Tal vez, eso quizás nunca se sabrá plena ni suficientemente al final del itinerario de nuestra existencia de creadores, el primer poema quizás no sea más que la letra alfa y el último (quiero decir, el último poema) sea la letra omega del alfabeto griego. A lo largo de mi extensa y dilatada vida de lector y, -por extensión, de escritor- he leído a no pocos escritores (poetas, narradores, ensayistas, cronistas, et al) que homo ludens no escribe más que un solo y único poema a través de su travesía por el devenir suyo sobre la tierra.
Quizás toda la vasta obra poética del homo metaforicus no sea más que un largo o breve canto y cada “chanson préférée” constituya la esencia del poema par excellence del creador en cuestión.
Es harto sabido que los antiguos cabalistas postulaban que cada ser humano es una letra o un reflejo de la misma que proyecta el infinito e inagotable alfabeto del mundo que es único y distinto en su incesante devenir en la deriva del tiempo.
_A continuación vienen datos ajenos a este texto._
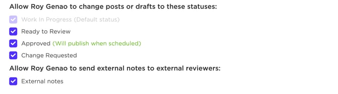 - You can limit which Post Statuses team members can view, as well as their ability to leave External Notes within their user settings.
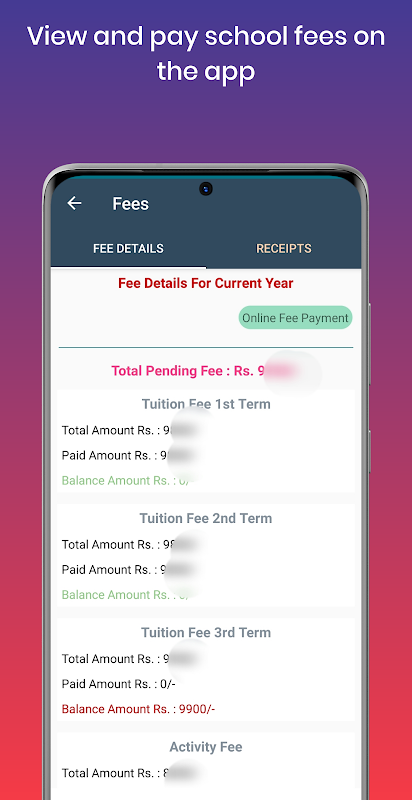 • Detalhes da taxa - Veja os detalhes completos da taxa (paga/saldo/recibos)
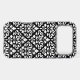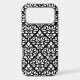 Scroll and leaf damask in a vintage style large pattern, with white detail on a black background.
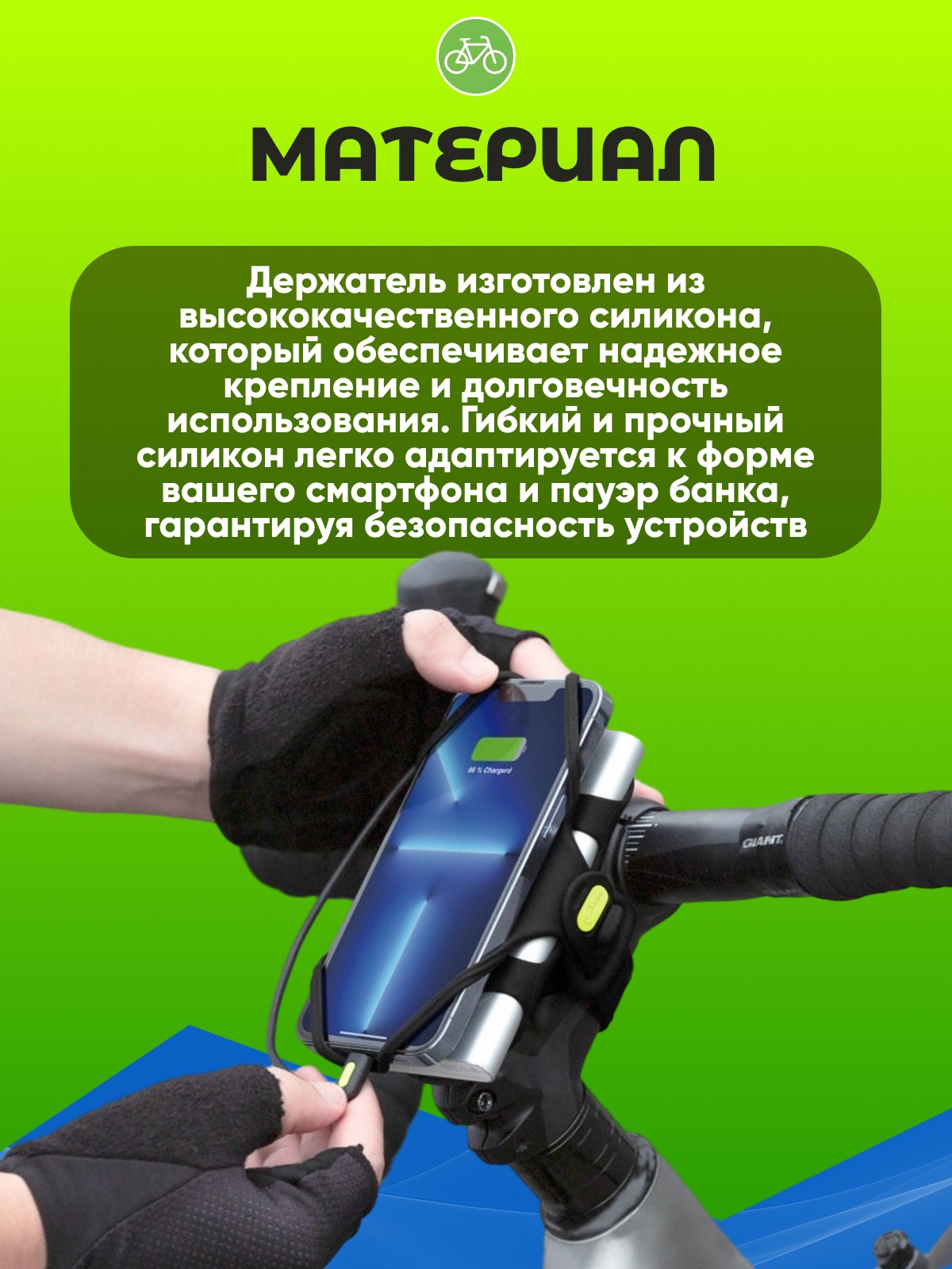 Держатель изготовлен из высококачественного силикона, который обеспечивает надежное крепление и долговечность использования. Гибкий и прочный силикон легко адаптируется к форме вашего смартфона и пауэр банка, гарантируя безопасность устройств.

En el ya mítico poema del más universal de los poetas argentinos titulado: “El Golem”, se afirma:
“Si como afirma el griego en el
Cratilo
el nombre es arquetipo de la
cosa
en las letras de “rosa” está la
rosa
y todo el Nilo en la palabra
“Nilo”
Y, hecho de consonantes y
vocales,
habrá un terrible Nombre, que
la esencia
cifre de Dios y que la
Omnipotencia
guarde en letras y sílabas
cabales…”
Esta certera intuición bastó a Borges para acceder a una de las verdades apodícticas y por ello mismo axiomáticas en materia de enunciación lingüística y sus respectivos corolarios expresivos y por tanto profunda y radicalmente significativos.
Tengo para mí que el poema como hechura y realización verbo-linguística siempre intenta dar cuenta de una particular abstracción de la realidad empírica y subjetiva del creador en tanto portador de una singular ética y estética verbal. El poeta en tanto demiurgo humano, nietzscheanamente hablando, “demasiado humano” crea una realidad alterna o en su defecto paralela a partir de sus sueños, aspiraciones, intuiciones o de una singular búsqueda las más de las veces agonística de un “GRIAL” siempre evanescente y no pocas veces inaprehensible.
Sea de la índole que fuere la temática que, eventualmente, comportare el tratamiento del discurso lírico que el poeta postule en su universo verbal; trátese de Dios, el destino, el amor, la muerte, la locura, el dolor, el sufrimiento, la patria, la enfermedad, el abandono o, pongamos por caso tan sólo la triste y melancólica condición de ser tan solo un humano sometido al rigor de la hostilidad del mundo, la contingente taumaturgia hematopoiética del “dios caído” que suele ser el poeta no abreva únicamente en el topos ouranos de una metafísica exiliada de la vida material concreta que aguijonea las expectativas creadoras del poeta en ciertos y determinados momentos de su trance creativo.
Es cardinalmente importante subrayar que el poema jamás evade su tesitura genérica; nunca el poema se deja leer de manera neutral o asexuado, pues, el poema surge al mundo de la vida espiritual e intangible de la metáfora en un específico y determinado contexto histórico, socio-antropológico, filosófico, psico-lingüístico que funge como constituyente matricial de una singular fenomenología sociosemántica o si usted lo prefiere semantológica.
No se crea un poema prescindiendo del thesaurus lingüístico ni obviando la cauda morfosintáctica que distingue el capital gnoseológico y filosofemático que el poema ha ido forjando a lo largo de su vida de lector y de viajante en esta nave existencial que es la vida intelectual del creador.